→ Goal of the exercise
Using the material below, repeat exactly the lines from the one with "본인부담상한제란 연간 환자가" through the one with "第1页共9页工会保障工作总结", ends included, without any images.

== Dataset excerpts ==

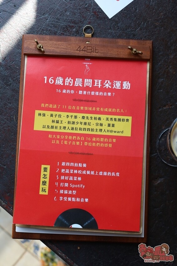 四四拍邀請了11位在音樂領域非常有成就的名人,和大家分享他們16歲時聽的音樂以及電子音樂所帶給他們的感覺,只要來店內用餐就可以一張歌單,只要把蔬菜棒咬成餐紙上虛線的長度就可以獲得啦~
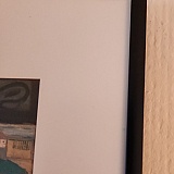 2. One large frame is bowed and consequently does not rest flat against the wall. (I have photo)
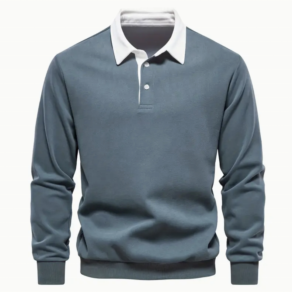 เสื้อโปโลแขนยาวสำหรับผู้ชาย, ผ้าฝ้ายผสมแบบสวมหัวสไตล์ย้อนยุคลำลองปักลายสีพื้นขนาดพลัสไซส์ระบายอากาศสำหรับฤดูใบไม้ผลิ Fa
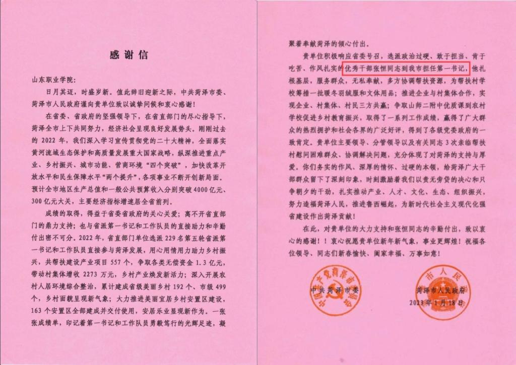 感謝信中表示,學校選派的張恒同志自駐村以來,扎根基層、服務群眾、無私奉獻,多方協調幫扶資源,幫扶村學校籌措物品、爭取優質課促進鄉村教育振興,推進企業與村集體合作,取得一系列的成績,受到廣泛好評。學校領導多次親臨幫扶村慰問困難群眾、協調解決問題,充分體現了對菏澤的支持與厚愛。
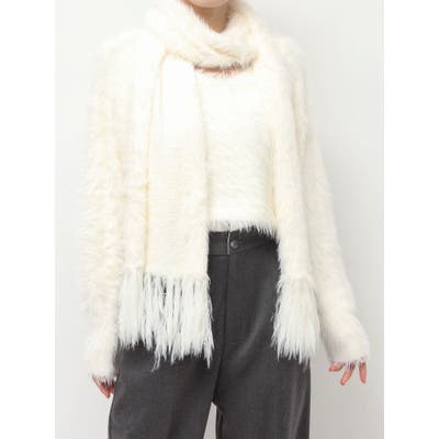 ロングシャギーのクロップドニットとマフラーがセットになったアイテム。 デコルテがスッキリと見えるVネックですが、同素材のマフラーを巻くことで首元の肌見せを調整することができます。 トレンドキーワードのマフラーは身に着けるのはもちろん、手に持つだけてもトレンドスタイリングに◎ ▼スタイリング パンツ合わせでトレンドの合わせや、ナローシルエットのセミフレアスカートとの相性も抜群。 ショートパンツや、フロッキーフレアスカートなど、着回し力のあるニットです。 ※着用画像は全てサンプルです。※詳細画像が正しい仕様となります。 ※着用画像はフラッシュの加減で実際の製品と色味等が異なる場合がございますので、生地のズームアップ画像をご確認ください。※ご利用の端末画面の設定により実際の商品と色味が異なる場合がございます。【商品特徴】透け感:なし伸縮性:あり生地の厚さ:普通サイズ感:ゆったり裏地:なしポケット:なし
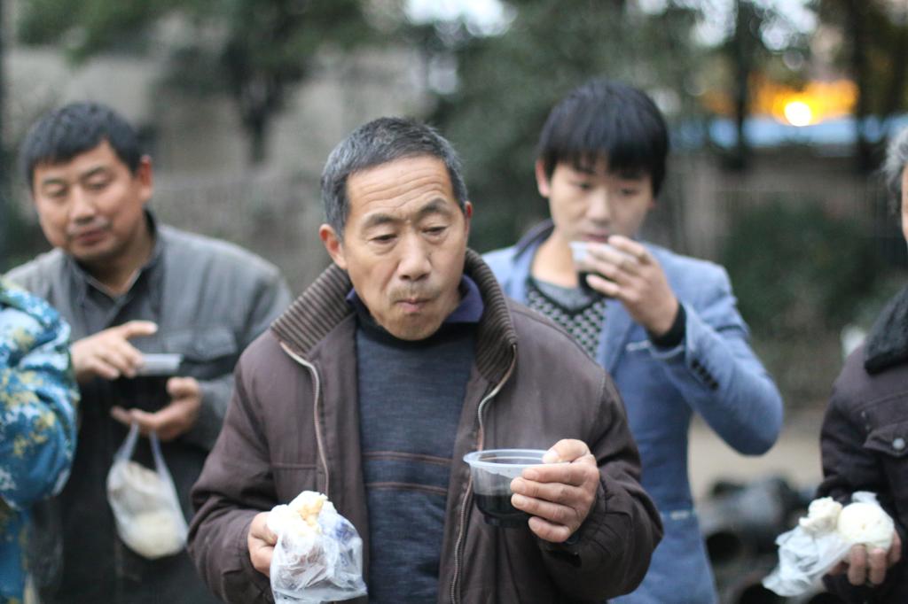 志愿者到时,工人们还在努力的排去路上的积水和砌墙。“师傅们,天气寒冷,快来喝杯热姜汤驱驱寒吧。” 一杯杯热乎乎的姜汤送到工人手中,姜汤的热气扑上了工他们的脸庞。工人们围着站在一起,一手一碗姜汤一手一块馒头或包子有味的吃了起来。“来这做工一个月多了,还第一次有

===
== Dataset excerpts ==

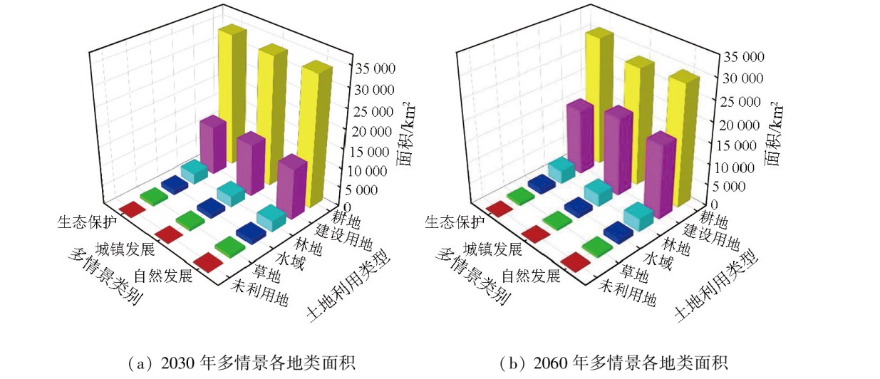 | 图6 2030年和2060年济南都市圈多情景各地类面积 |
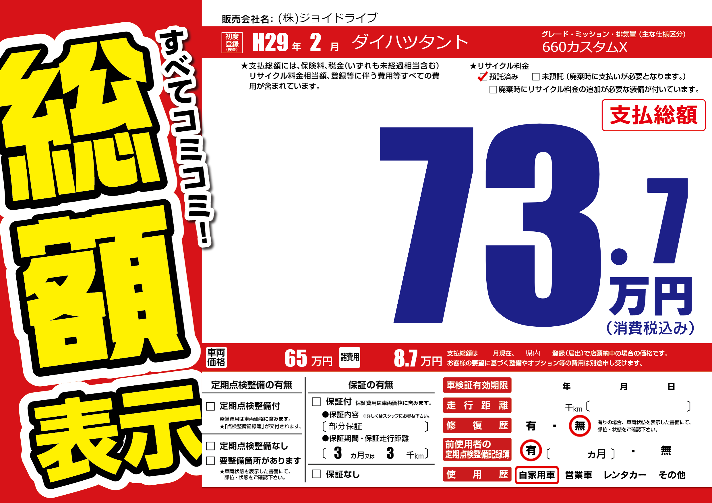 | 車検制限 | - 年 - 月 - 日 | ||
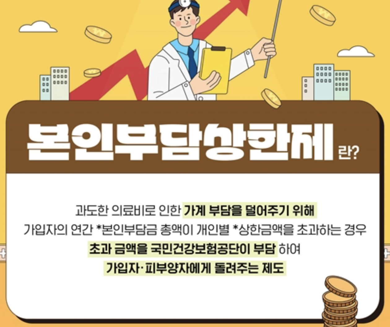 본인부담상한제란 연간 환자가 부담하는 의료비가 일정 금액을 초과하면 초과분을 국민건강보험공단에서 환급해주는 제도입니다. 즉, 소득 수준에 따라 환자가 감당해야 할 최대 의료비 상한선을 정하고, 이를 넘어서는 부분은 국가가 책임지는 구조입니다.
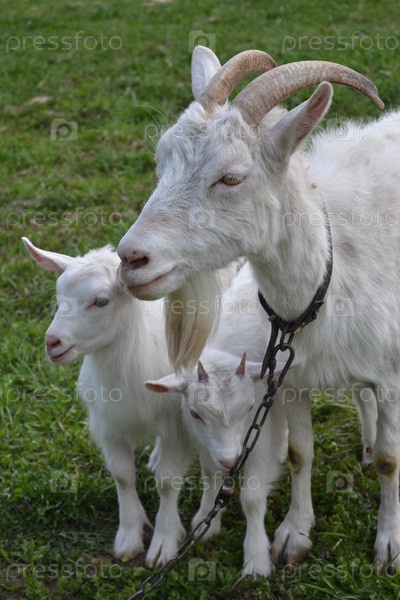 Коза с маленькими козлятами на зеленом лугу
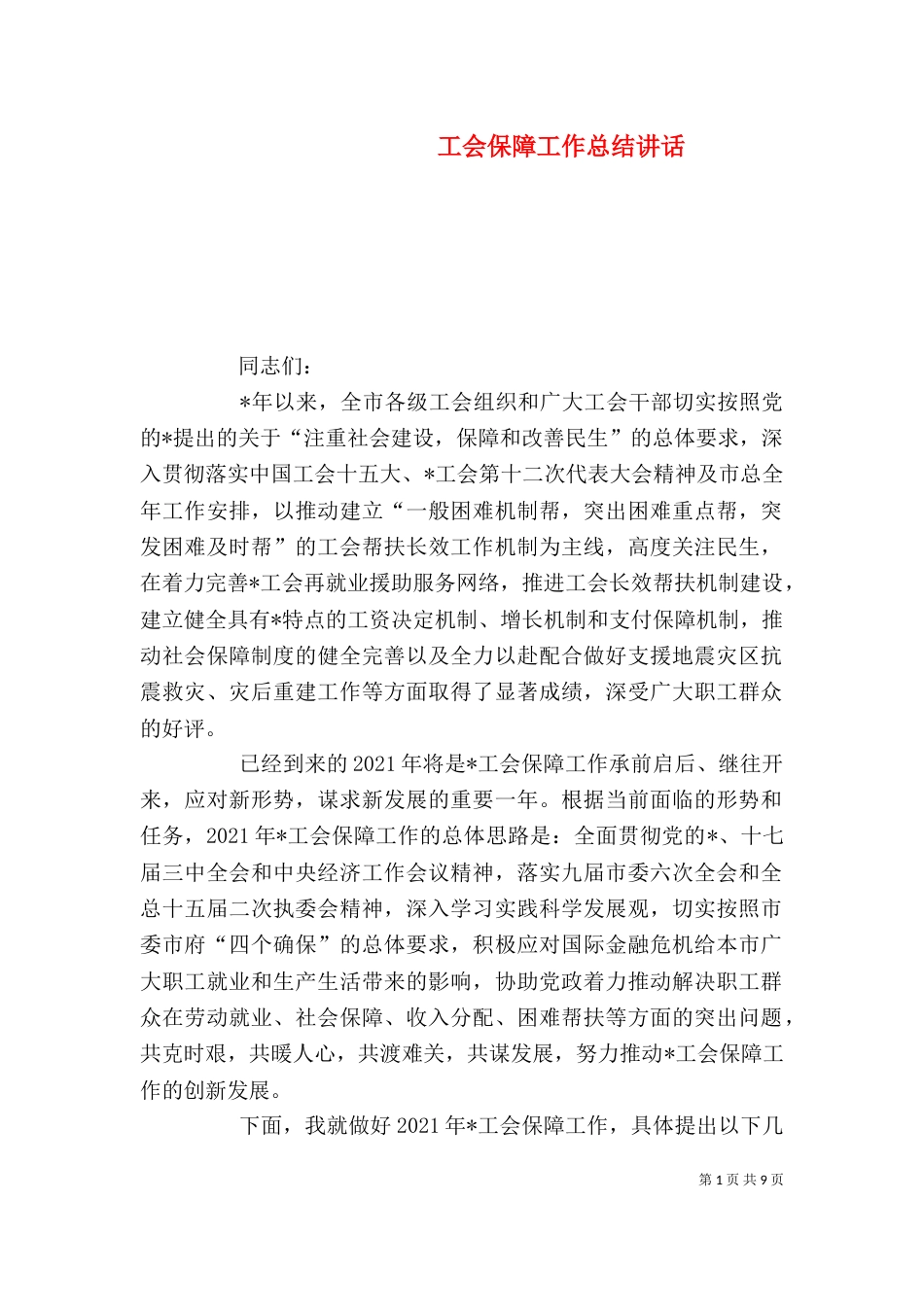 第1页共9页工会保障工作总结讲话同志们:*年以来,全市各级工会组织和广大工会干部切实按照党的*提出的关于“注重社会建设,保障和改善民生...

===

→ Response box
 본인부담상한제란 연간 환자가 부담하는 의료비가 일정 금액을 초과하면 초과분을 국민건강보험공단에서 환급해주는 제도입니다. 즉, 소득 수준에 따라 환자가 감당해야 할 최대 의료비 상한선을 정하고, 이를 넘어서는 부분은 국가가 책임지는 구조입니다.
 Коза с маленькими козлятами на зеленом лугу
 第1页共9页工会保障工作总结讲话同志们:*年以来,全市各级工会组织和广大工会干部切实按照党的*提出的关于“注重社会建设,保障和改善民生...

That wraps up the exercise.